Insurance for Professional Indemnity

As a business professional, you strive to provide your clients with the best services. But if any kind of errors, omissions, or professional neglect occurs from your end, then you are liable for the losses incurred by the clients. This might result in the client filing a case against you. Whether you are an architect, engineer, doctor, lawyer, chartered accountant, etc. you need to protect your business against such legal claims. This is where professional indemnity insurance helps you.

Insurance for Professional Indemnity saves you and your business from the financial claims made by your dissatisfied customers regarding faulty products, bad service, etc. It also offers valuable assistance and helps to save money as all legal charges are taken care of by the insurance company.

Key benefits of professional indemnity insurance

  • This insurance policy can be specially designed for the requirements of different professionals and professional services.
  • Provides exhaustive coverage against different risks for several businesses.
  • Covers all the legal expenses and costs incurred with the prior consent of the insured.

Factors affecting the cost of professional indemnity insurance

Depending on the type of sector or industry the business belongs to, the cost of the indemnity cover is decided. Some of the factors that are kept in view are listed below:

  • The risk factor involved in the business
  • Location of the business
  • How old is the business
  • Yearly turnover
  • Number of employees in the company
  • Number of clients of the company
  • Credit score
  • Previous history of claims

What does this policy cover?

Professional indemnity insurance protects you and your business against claims of error, omission, or negligence in a professional service where a client has incurred losses.
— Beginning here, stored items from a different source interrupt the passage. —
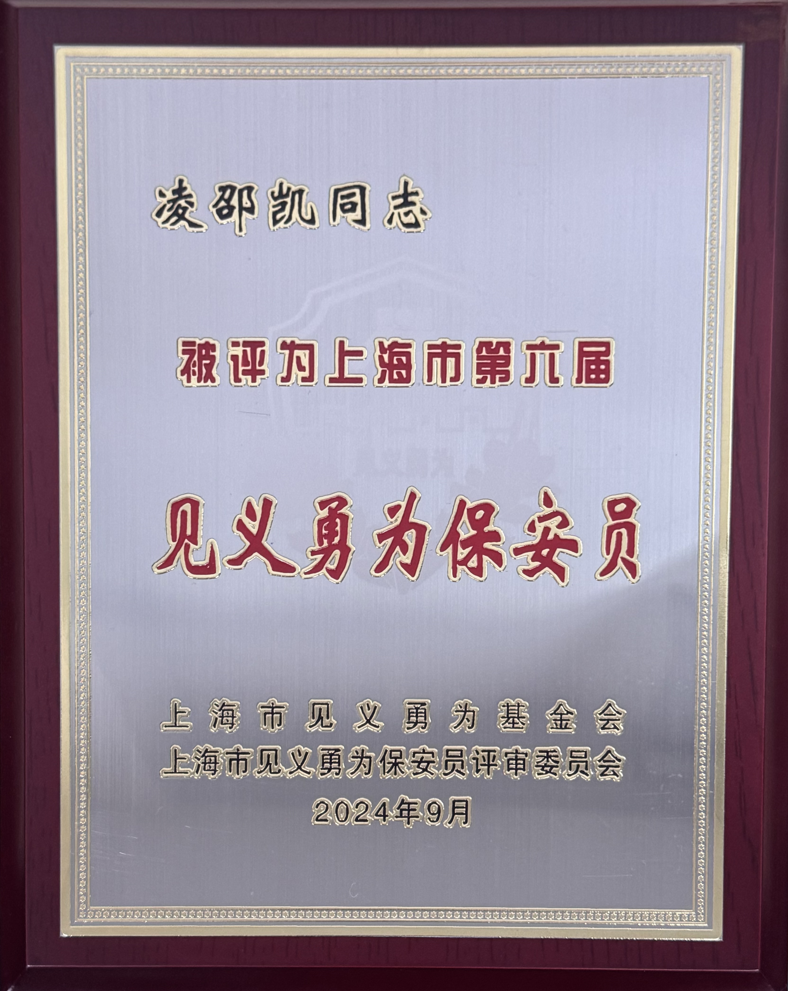 2024年9月27日,上海市見(jiàn)義勇為基金會(huì)在上海市司法局三樓會(huì)議室召開(kāi)2024年二三季度見(jiàn)義勇為先進(jìn)評(píng)選表彰發(fā)布會(huì)。會(huì)上,上海宗保保安服務(wù)有限公司員工管旭峰、凌邵凱、吳寶和鄧江峰被評(píng)為上海市第六屆“見(jiàn)義勇為保安員”。
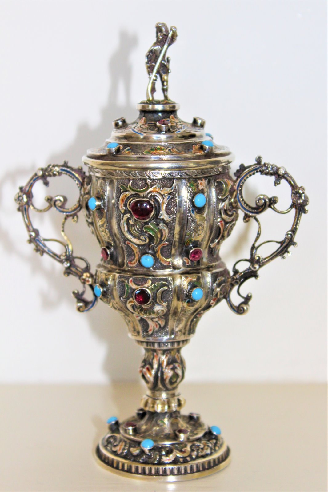 Fine Silver Cup with Lid Jewelled and Enamelled
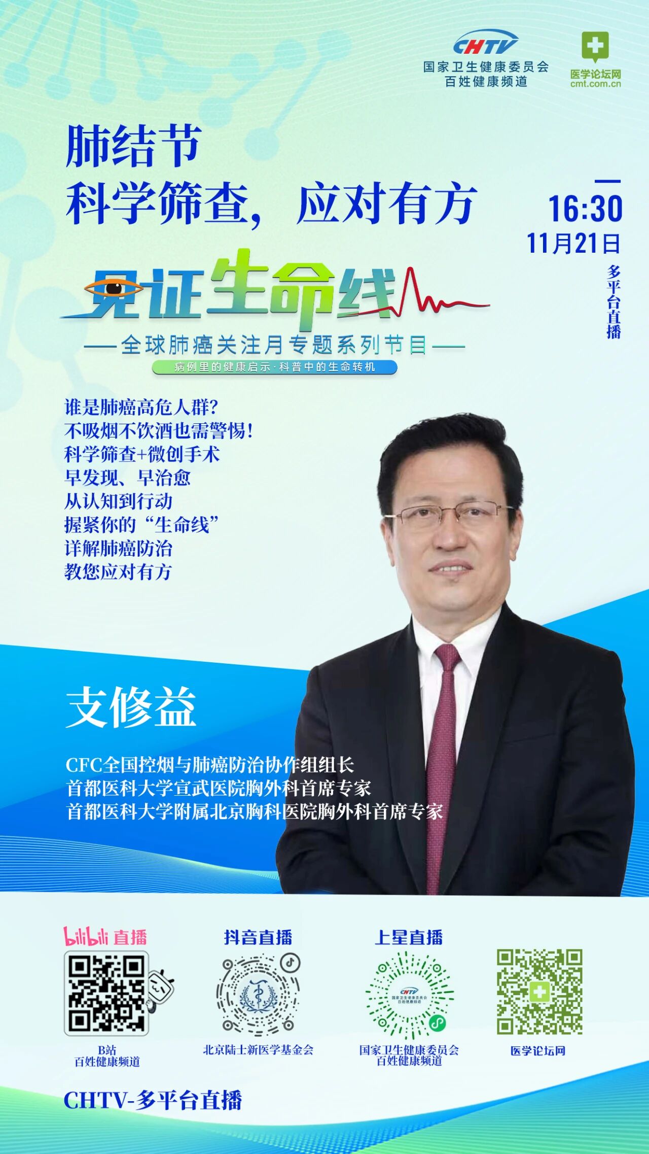 本期《見證生命線》,我們再次邀請到全國控煙與肺癌防治協作組組長,首都醫科大學宣武醫院胸外科首席專家,首都醫科大學附屬北京胸科醫院胸外科首席專家支修益教授,繼續用真實的臨床病例,為您帶來一份清晰、實用的“生命線”行動指南。
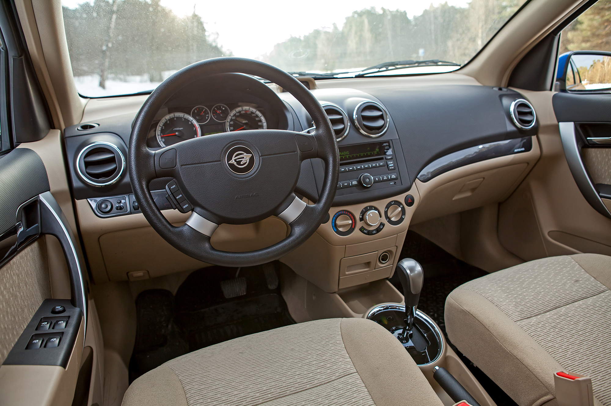 Слева от руля «элегантной» Нексии есть кнопка складывания зеркал, справа — работающее через два раза на третий bluetooth-соединение с магнитолой. Однако нет подогрева сидений и — при всей центральности замка — кнопки запирания дверей. Уселся за руль, дал по шапке «солдатику», и мой Ravon — моя крепость. Быстро выскочить из машины в случае чего не удастся: чтобы разблокировать замки, нужно изворачиваться и тянуть штырёк вверх. Селектор трансмиссии — в «Драйве», руки — на тонком руле десятилетнего Aveo с кнопками клаксона на верхних спицах. Баранка непривычная, но удобная и лёгкая в обращении — на парковке её повернёт и ребёнок.
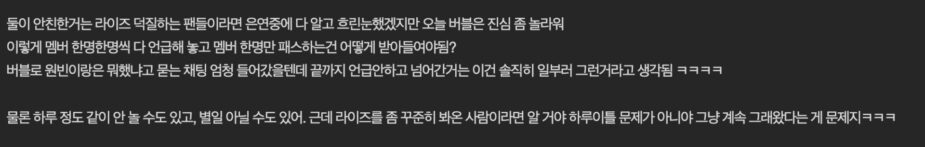 “Obviously, they aren’t on good terms, but if they are putting in effort, I’m sorry. I’m not saying you should force yourself to become close to someone you’re not close to, but as idols, shouldn’t they be able to hide it? Even in behind-the-scenes or Bubble messages, it looks like they are blatantly saying, ‘I don’t like this person. ’
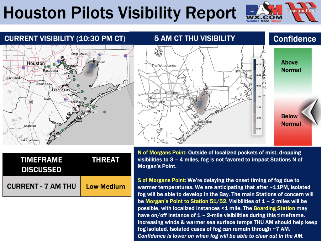 Good Wednesday PM! Here is your latest Houston Pilots Visibility Update! If you have any forecast questions, please do not hesitate to reach out via our on call phone number (317)-560-8122, option 1.
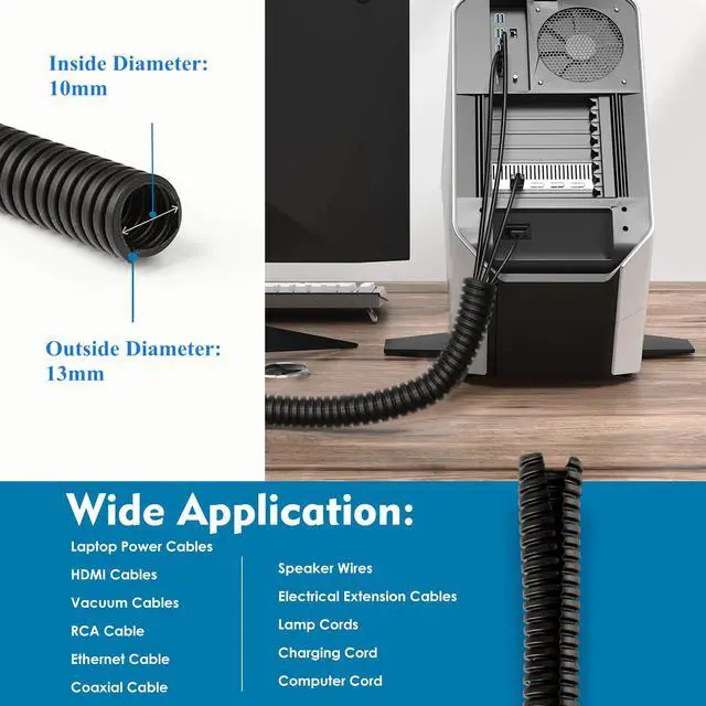 10 ft: With 10 feet of split loom tubing, measuring 7.17 x 7.05 x 1.89 inches, you'll have plenty of material to cover cables and wires at home, in your garden, or office. This tubing can be cut to any size for use with computer leads, television cables, and other electronic devices.
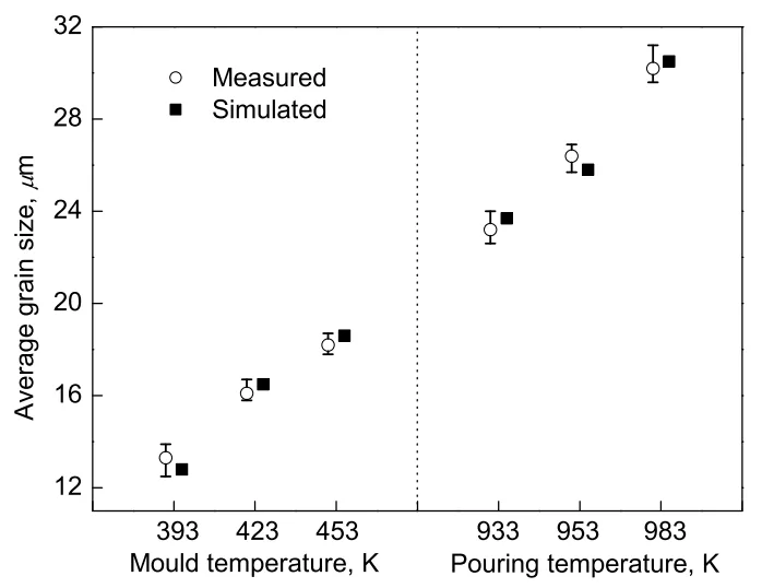 - Fig.10 Comparison between measured and simulated average grain size of the “step shape” casting of magnesium alloy AM50 with different mould preheating temperatures (located at surface of Step 2 in Fig.7) and pouring temperatures (located at center of Step 4 in Fig.7)

Loss can be monetary or in the form of death or bodily injury to a person in the case of a medical professional. This type of policy covers all claims related to the incidents which occur within the policy period. An owner is responsible for not only his negligence but also for his employees. Such incidences may or may not occur under the direct supervision of the owner. Hence the policy has a provision to insure the professional and his associates or employees too.

What does the policy not cover?

  • Criminal activity, violation of law, or fraud by the company or the owner are not covered.
  • Damage caused under Influence of intoxicants or narcotics.
  • Weight reduction treatments like liposuction, mesotherapy, etc.
  • Cosmetic surgeries like botox surgeries, hair transplants, facelifts, etc.
  • Treatments of HIV and AIDS.
  • The policy does not cover non-compliance with statutory provisions.
  • Businesses involving radioactive materials.
  • Damage caused by wars.
  • Trademark infringement, design patents, copyright issues.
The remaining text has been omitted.